What you return must match the listing below line for line, minus its pictures.

Dataset excerpt:
=-=-=

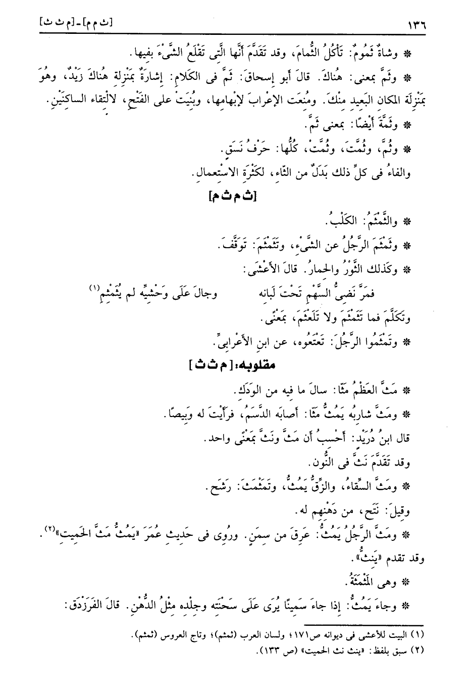 وشاةٌ ثَمُومٌ تَأْكُلُ الثُّمامَ وقد تَقَدَّمَ أَنَّها الَّتِي تَقْلَعُ الشَّيْءَ بفِيها وثَمَّ بمعنى هُناكَ قالَ أَبو إِسحاقَ ثَمَّ في الكَلامِ إِشارَةٌ بمَنْزِلةِ هُناكَ زَيْدٌ وهُوَ بمَنْزِلَة المكانِ البَعِيدِ مِنْكَ ومُنِعَت الإعْرابَ لإبْهامِها وبُنِيَتْ على الفَتْحِ لالْتِقاء الساكِنَيْنِ وثَمَّةَ أَيْضًا بمعنى ثَمَّ وثُمَّ وثُمَّتَ وثُمَّتْ كُلُّها حَرْفُ نَسَقٍ والفاءُ في كلِّ ذلك بَدَلٌ من الثّاءِ لكَثْرَةِ الاسْتِعمالِ [ث م ث م] والثَّمْثَمُ الكَلْبُ وثَمْثَمَ الرَّجُلُ عن الشَّيْءِ وتَثَمْثَمَ تَوَقَّفَ وكَذلك الثَّوْرُ والحِمارُ قالَ الأَعْشَى
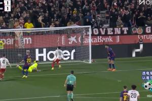 比赛第62分钟,赫罗纳前场进攻,勒马尔门前轻松包抄空门得手!
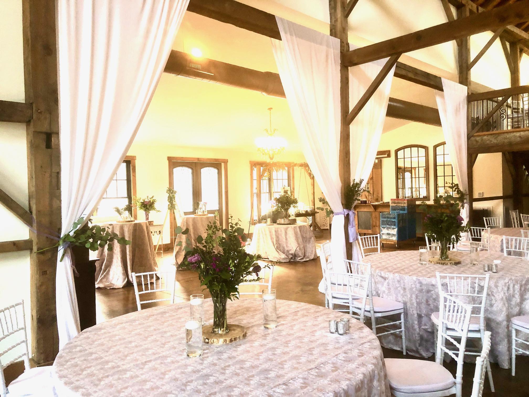 Dimmers for total lighting customization Four crystal and wrought iron chandeliers Two bars Rustic "Floating" table for a dessert bar, seating chart, and more 1,000 sq ft loft for additional guest seating, DJ, bar, photo booth, and more Two large restrooms maintained by the venue throughout your event.
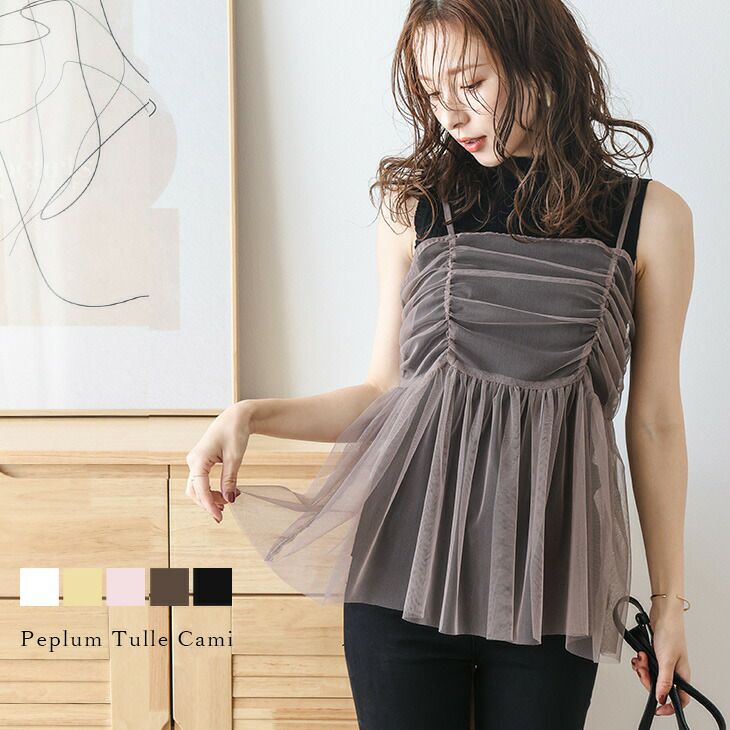 チュール ペプラム キャミ ギャザー ビスチェ 【春夏半額SALE対象】 [AMELY by La-gemme]チュール ペプラム キャミ ギャザー ビスチェ 体型カバー レイヤード 透け感 着映え レディース フリーサイズ 2025春夏新作 【atpss24-360】【即納:1-5営業日】【送料無料】メ込2

=-=-=

Task output:
 وشاةٌ ثَمُومٌ تَأْكُلُ الثُّمامَ وقد تَقَدَّمَ أَنَّها الَّتِي تَقْلَعُ الشَّيْءَ بفِيها وثَمَّ بمعنى هُناكَ قالَ أَبو إِسحاقَ ثَمَّ في الكَلامِ إِشارَةٌ بمَنْزِلةِ هُناكَ زَيْدٌ وهُوَ بمَنْزِلَة المكانِ البَعِيدِ مِنْكَ ومُنِعَت الإعْرابَ لإبْهامِها وبُنِيَتْ على الفَتْحِ لالْتِقاء الساكِنَيْنِ وثَمَّةَ أَيْضًا بمعنى ثَمَّ وثُمَّ وثُمَّتَ وثُمَّتْ كُلُّها حَرْفُ نَسَقٍ والفاءُ في كلِّ ذلك بَدَلٌ من الثّاءِ لكَثْرَةِ الاسْتِعمالِ [ث م ث م] والثَّمْثَمُ الكَلْبُ وثَمْثَمَ الرَّجُلُ عن الشَّيْءِ وتَثَمْثَمَ تَوَقَّفَ وكَذلك الثَّوْرُ والحِمارُ قالَ الأَعْشَى
 比赛第62分钟,赫罗纳前场进攻,勒马尔门前轻松包抄空门得手!
 Dimmers for total lighting customization Four crystal and wrought iron chandeliers Two bars Rustic "Floating" table for a dessert bar, seating chart, and more 1,000 sq ft loft for additional guest seating, DJ, bar, photo booth, and more Two large restrooms maintained by the venue throughout your event.
 チュール ペプラム キャミ ギャザー ビスチェ 【春夏半額SALE対象】 [AMELY by La-gemme]チュール ペプラム キャミ ギャザー ビスチェ 体型カバー レイヤード 透け感 着映え レディース フリーサイズ 2025春夏新作 【atpss24-360】【即納:1-5営業日】【送料無料】メ込2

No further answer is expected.